If you’re in town for the Stock Show, you’ll feel right at home at Cattleman’s Steak House in the Stockyards. The wood-clad building has seen a lot of change in the district since it first opened there in 1947, but the consistent quality of its steaks has made it a mainstay for over 77 years. Try the 28-day dry-aged steaks from 6666 Ranch, like the cowboy bone-in rib eye. Embracing the cosmopolitan spirit of the Lone Star state, Wicked Butcher is a modern steakhouse celebrated for its acclaimed dry aging techniques. Located inside the iconic Sinclair Hotel in Fort Worth and its sister location within the Comerica Bank Tower in Dallas, it offers a unique dining experience for all who visit the DFW metroplex.
Like most steakhouses, Cattlemen’s insists on serving its steaks medium-rare to medium, to retain flavor and juiciness. The Omni has added touches here and there to the menu, but the quality and personality of the original Bob’s comes through. Most steaks — carved out of corn-fed, Midwestern prime beef — come with the famous glazed carrot, a delight to some, a head-scratcher to others. Chef Chris Boydston started his culinary journey over 20 years ago at the young age of 17, working at upscale, Fort Worth-based restaurants. His love for cooking stems from his father and loving grandmother, who taught him that food is closer to the heart than it is to the stomach.
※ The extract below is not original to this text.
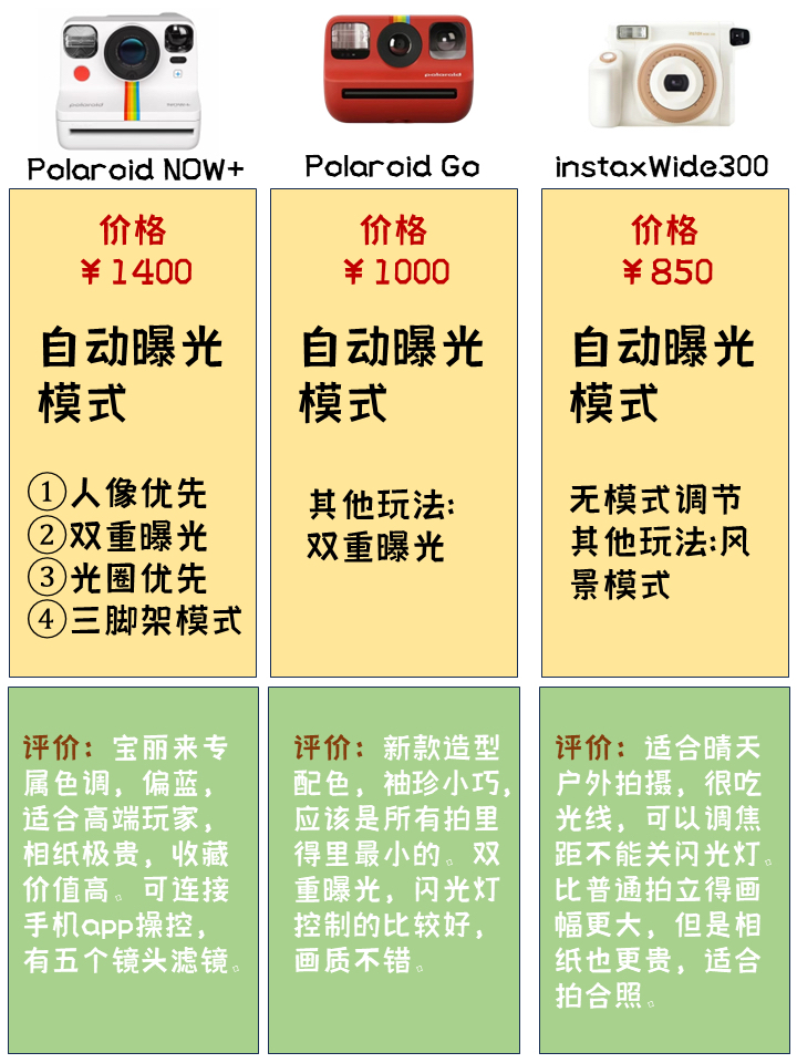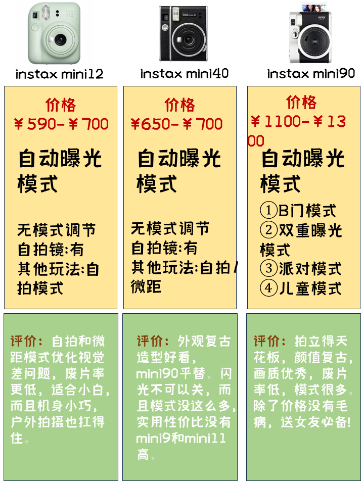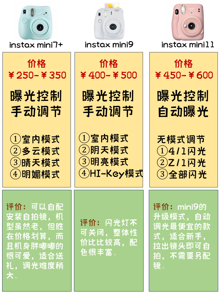 ✅instax mini7+ 可以自配安装自拍镜,机型虽然老,但胜在价格划算,而且机身胖嘟嘟的很可爱,适合送礼,调光难度稍大。 ✅instax mini9 闪光灯不可关闭,整体性价比比较高,配色很丰富。 ✅instax mini11 mini9的升级模式,自动调光最便宜的款式,适合新手,拉出镜头即可自拍,不需要另配镜。 ✅instax mini12 自拍和微距模式优化视觉差问题,废片率更低,适合小...

Eventually, Chris moved his career into the hotel division of the culinary field, beginning as a supervisor and working his way up to Executive Chef by cultivating his culinary chops with hard work and training.

Located on Houston Street in the Omni Fort Worth Hotel, this one-of-a-kind steakhouse is just next to the Fort Worth Convention Center and Water Gardens. The restaurant is minutes away from downtown attractions like Bass Hall and Sundance Square, offering the best steaks and experiences you can find in the city. Ruth’s Chris has a special broiling technique that produces your preferred temperature time and again. While you will need a friend to finish the Porterhouse steak, you won’t have to choose between the filet and the New York strip.
Combine that with the most mouthwatering steaks, a phenomenal wine selection, and 58 years of cherished tradition, and you’re in for one of the most special meals of your life. There are so many great steakhouses in Fort Worth, you almost forget about the one right smack dab in the middle of where Fort Worth’s long tradition with beef began. Theo's Saddle & Sirloin Inn opened in the early 1920s at the location where Riscky's Steakhouse is now, on Exchange Avenue in the Stockyards. Theo's was the first restaurant in the U.S. to offer calf fries on its menu — it sold the “calf fry sandwich” for 15 cents. After 17 years on Main Street, this underrated steakhouse moved into new digs in 2016, taking over the ground-level floor of downtown’s The Tower. The diagonally positioned, floor-to-ceiling slabs of concrete, left behind from the building’s original bank tenant, remain a cool architectural wonder, not to mention a way to get a bit of privacy.